= Zoe Jordan =

Irish fashion designer

Zoe Jordan is an Irish fashion designer. She studied architecture and business before embarking on a career as a bond trader in New York for HSBC and later an equity sales-trader at Credit Suisse. After years on Wall Street, she left the world of finance behind in order to pursue her real passion, fashion design. Her eponymous brand launched in London in 2011 and went on to be winner of several awards.

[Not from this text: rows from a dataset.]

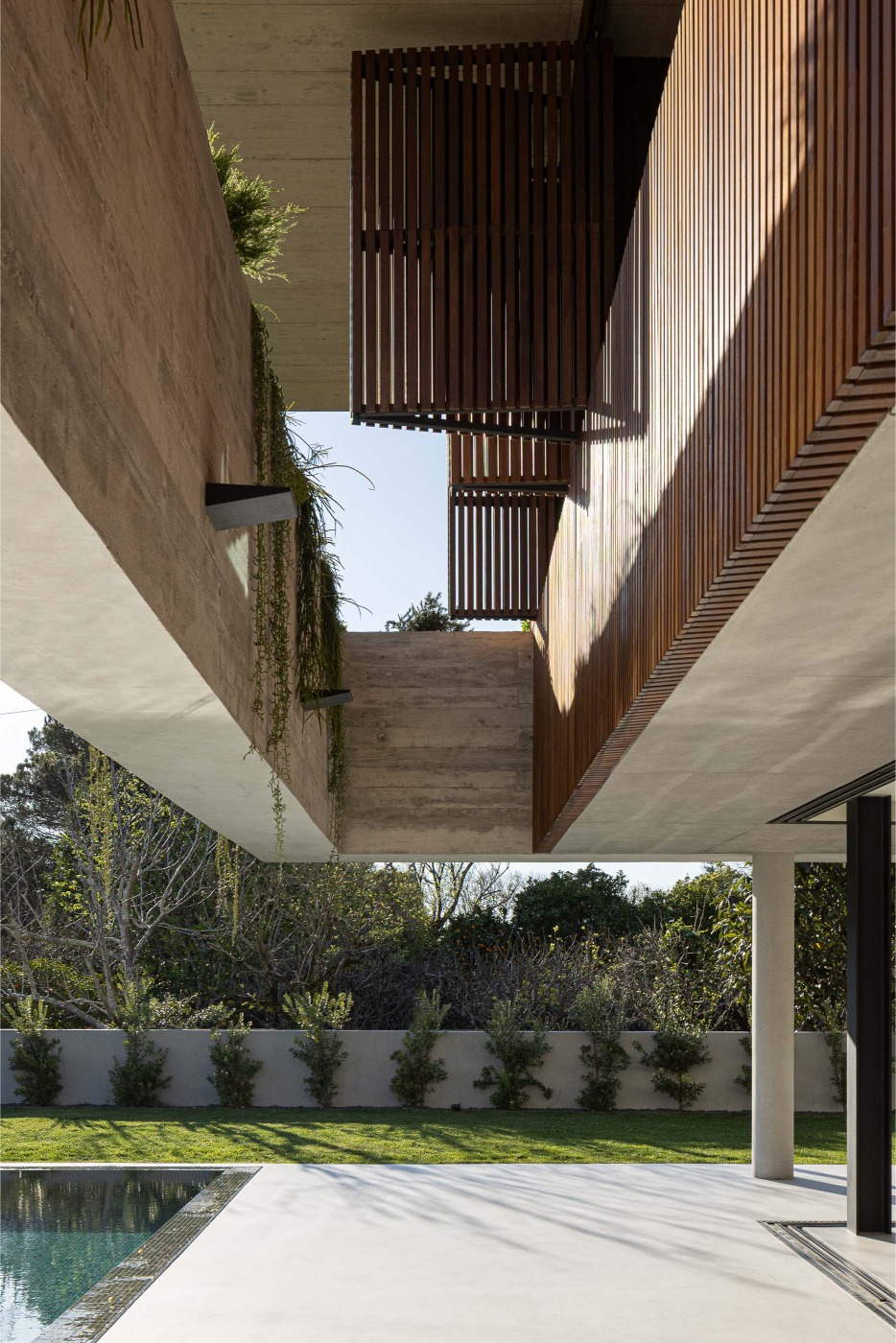 The functional organization is structured into three areas. At the entrance, a hall distributes access to the different zones. On the same level, there is a covered garage for three vehicles, a technical area, and a guest room/home office with private bathroom. The private sector includes a master suite and two smaller suites, each with bathroom, walk-in closet, bedroom, and balcony. This floor is clad with solid wood slats, unifying the volume and creating a warm, welcoming atmosphere.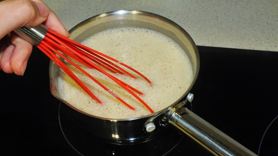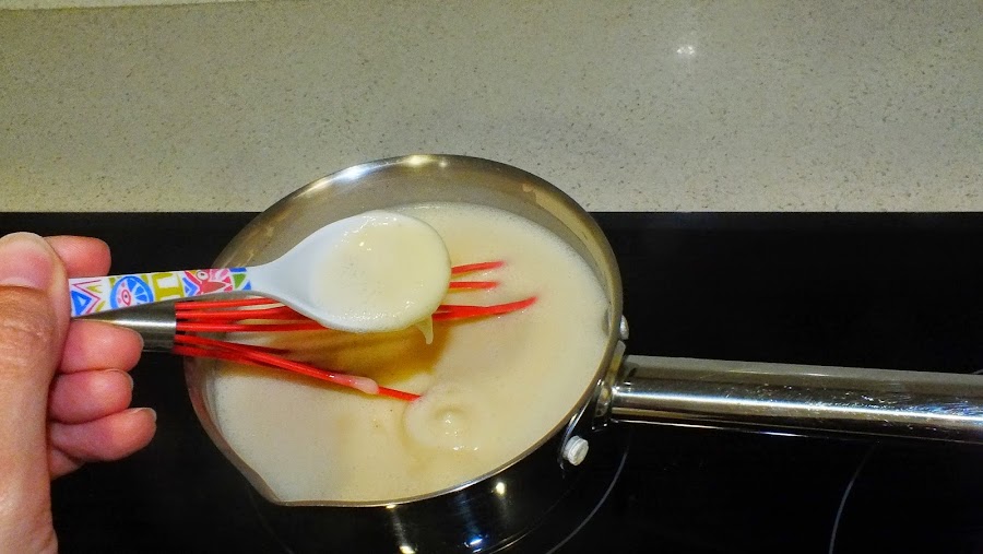 Colocad la mezcla en una olla y cocinad a fuego lento, siempre sin parar de remover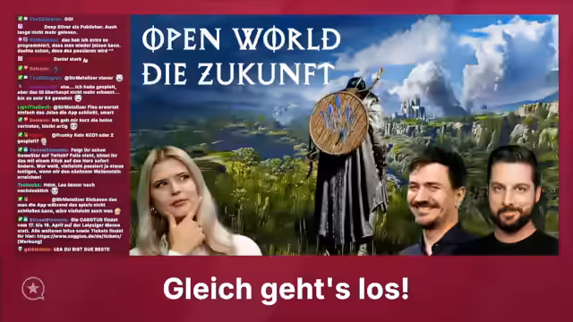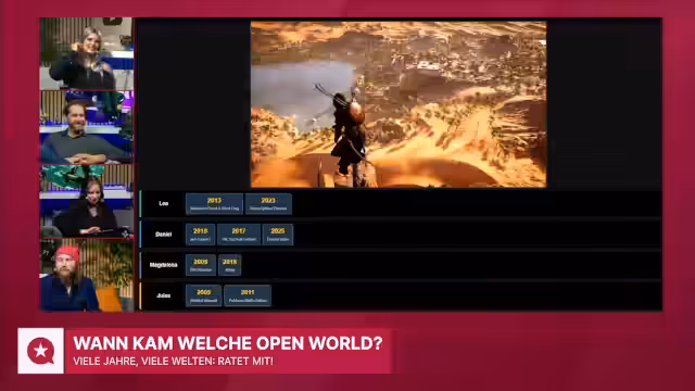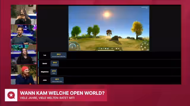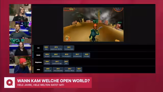 01:14:20Nach dem intensiven Tech Talk wechselt der Stream zu einem unterhaltsamen Segment. Es wird ein Ratespiel mit dem Arbeitstitel 'Dating Game' oder 'Memory Card' eingeführt. Die Teilnehmer – Lea, Magdalena, Julius und ein Moderator – erhalten Screenshots aus 175 verschiedenen Open-World-Spielen und müssen erraten, in welchem Erscheinungsjahr das jeweilige Spiel liegt. Das Spiel soll das Publikum einbeziehen und das Wissen der Teilnehmer über die Geschichte der Open-World-Genre auf die Probe stellen.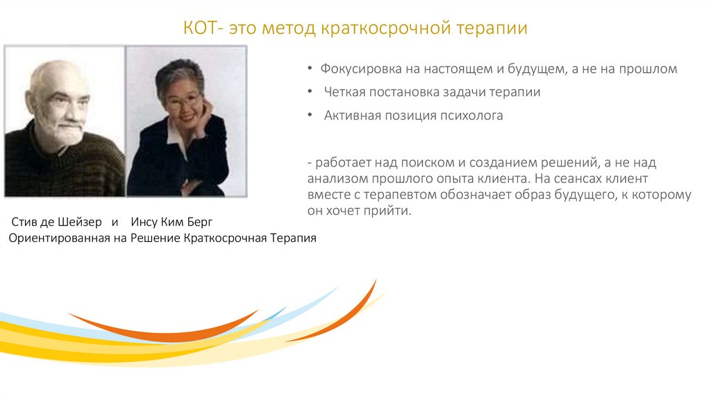 КОТ- это метод краткосрочной терапии• Фокусировка на настоящем и будущем, а не на прошлом

Jordan has garnered many awards, accolades and global recognition for her pioneering designs. She has been the winner of Elle Talent Launchpad, a Walpole Brand of tomorrow, twice finalist for the prestigious British Fashion Council (BFC) Vogue designer fashion fund and winner of the BFC eBay Contemporary award.

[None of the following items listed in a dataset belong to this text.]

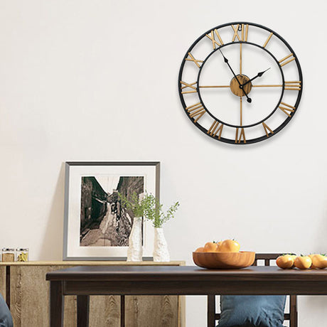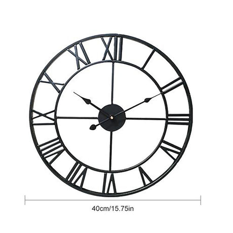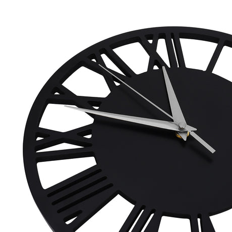 30CM Large Elegant Roman Numerals Open Round Wall Clock, Black and Silver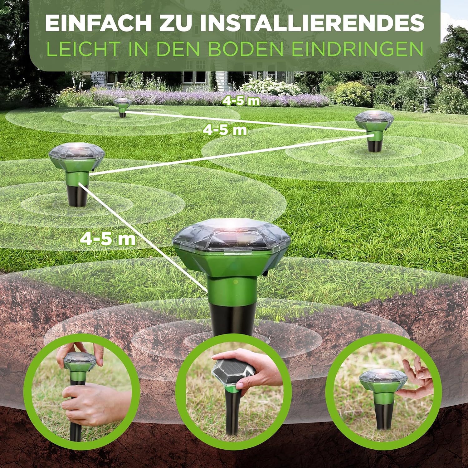 - HOHE WIRKSAMKEIT: Maulwürfe und andere Erdbewohner sind häufig ein grosses Ärgernis für viele Gartenbesitzer. Unser Maulwurfschreck stört den Tast- und Hörsinn der Tiere, sodass sie sich freiwillig ein neues Zuhause suchen. Der Wirkungsbereich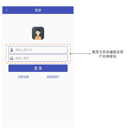 登录页面当用户第一次登录的时候需要输入用户名和密码,当用户输入正确的用户名和密码后将用户名和密码保存在本地设备上,当用户下一次登录时,自动读取保存的用户名和密码,实现自动登录,如图7-1所示。

She began showing on schedule at London Fashion Week in 2011. Sir Stuart Rose, Brit Smith Start, Natalie Imbruglia, and Sir Harold Tillman all attended. She then moved to show in New York to expand the empire in 2014, where she described her collection "It's a tribute to the grown-up tomboy in her urban environment with an energetic minimalism and international heritage”.

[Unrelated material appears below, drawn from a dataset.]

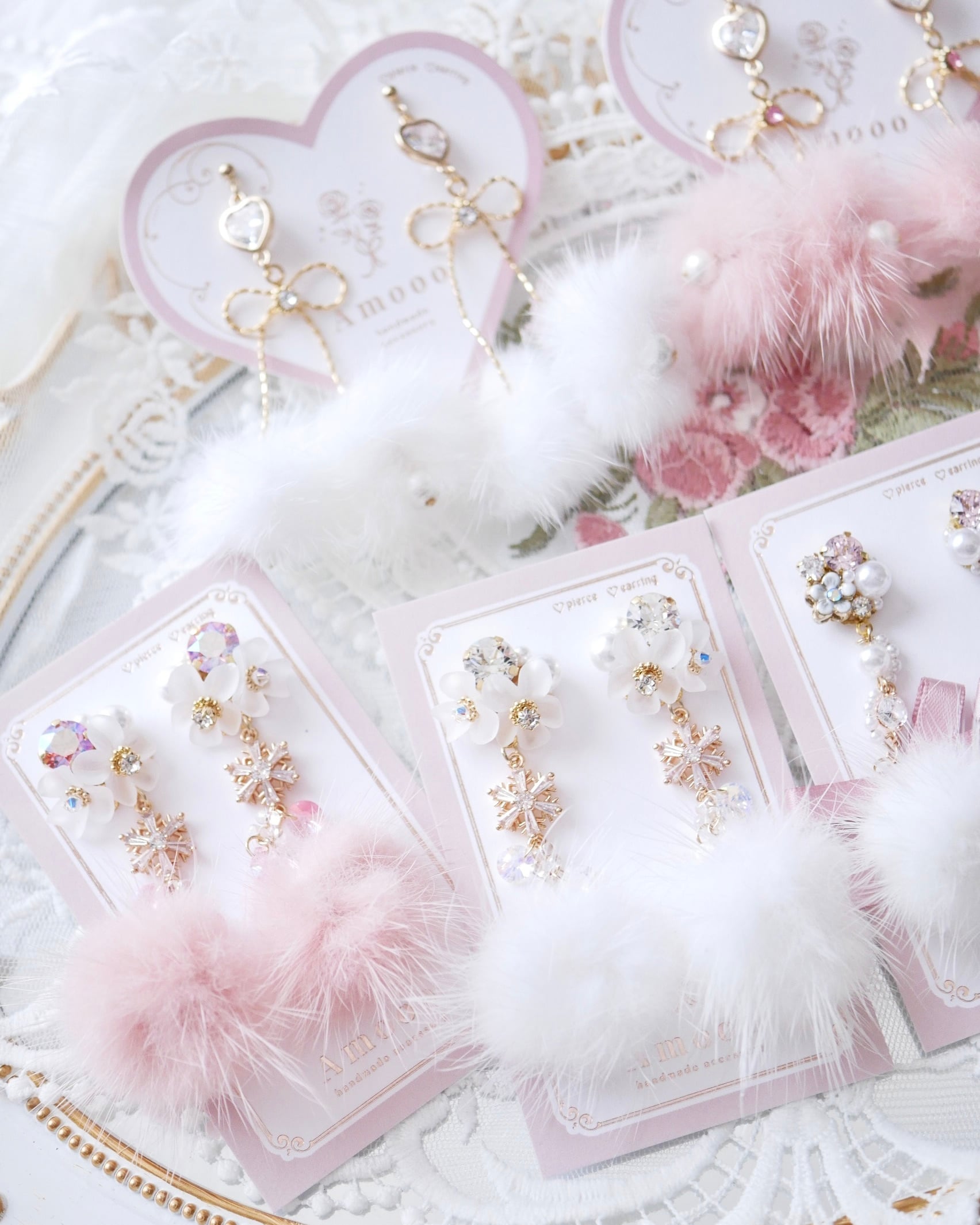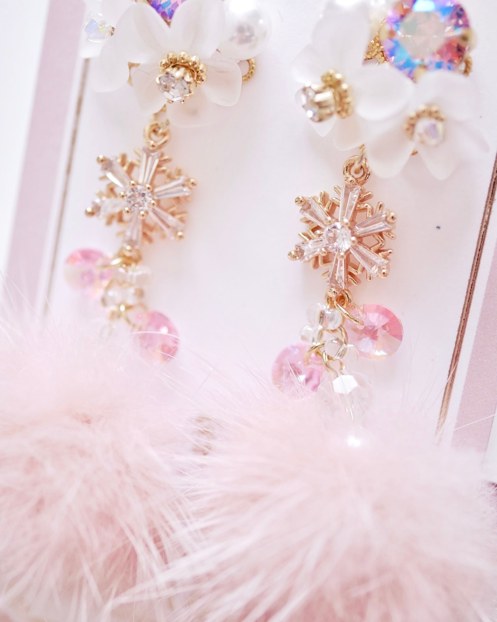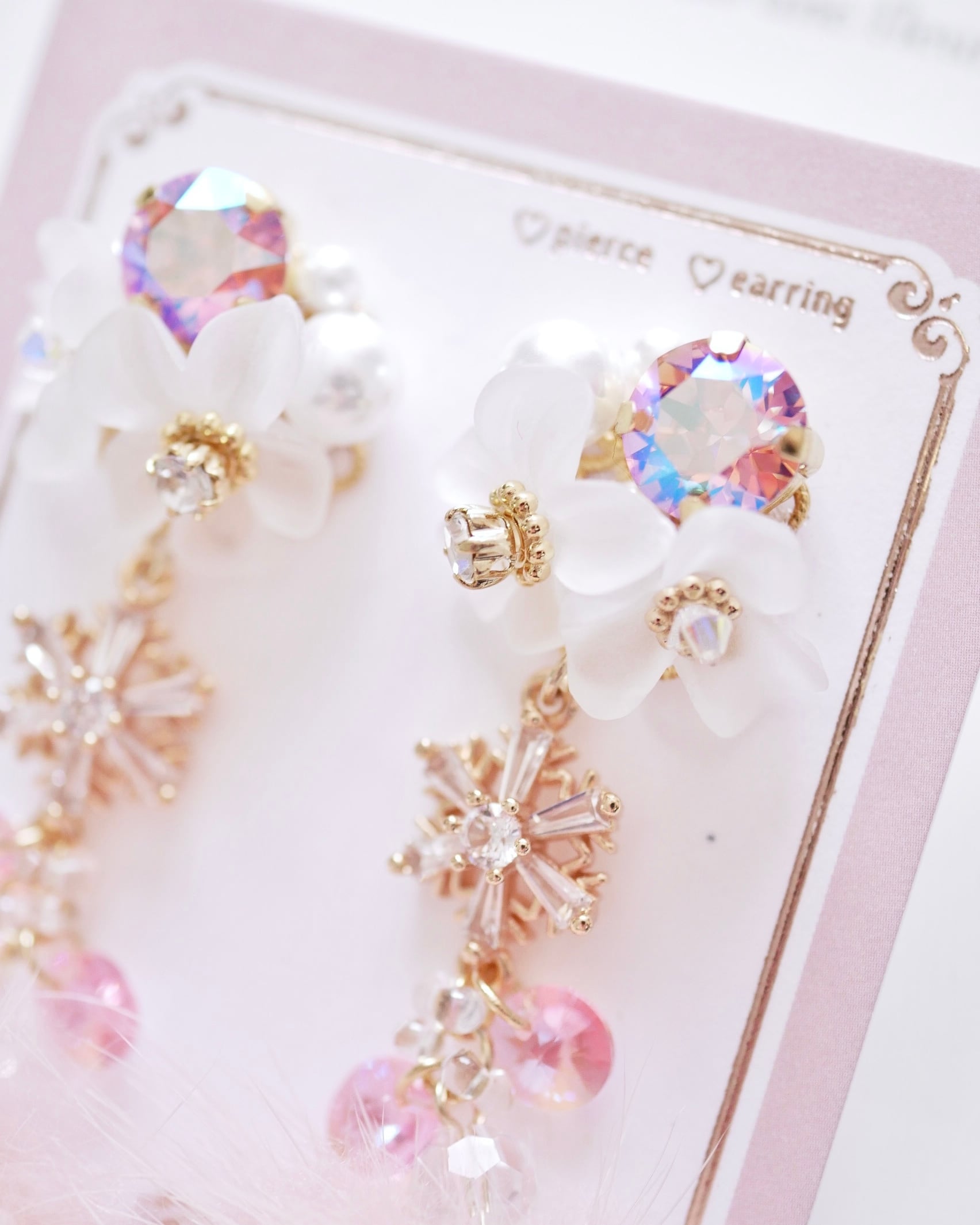 7109 Bloomビジューシャインスノーファーピアス/イヤリング

In 2013, Jordan was short listed for the British Fashion Council Vogue Fashion Fund award.

She is a daughter of the former F1 Team Owner, Eddie Jordan.

==Awards==

- Winner of Elle Talent Launchpad 2010
- Winner of Walpole Brand of Tomorrow 2011
- BFC Vogue Designer fashion fund finalist 2012
- BFC Vogue Designer fashion fund finalist 2014
- BFC eBay Contemporary award winner

== Collaborations ==
- River Island: Zoë Jordan collaborated with River Island for their Design Forum project 2015. Jordan said "To get an insight to this side of the world of fashion, it's been a great learning experience, one I've relished. I love the fact the family are still involved in running River Island and they do a lot of British manufacturing. We are all about a more subtle sophistication rather than shouting the loudest."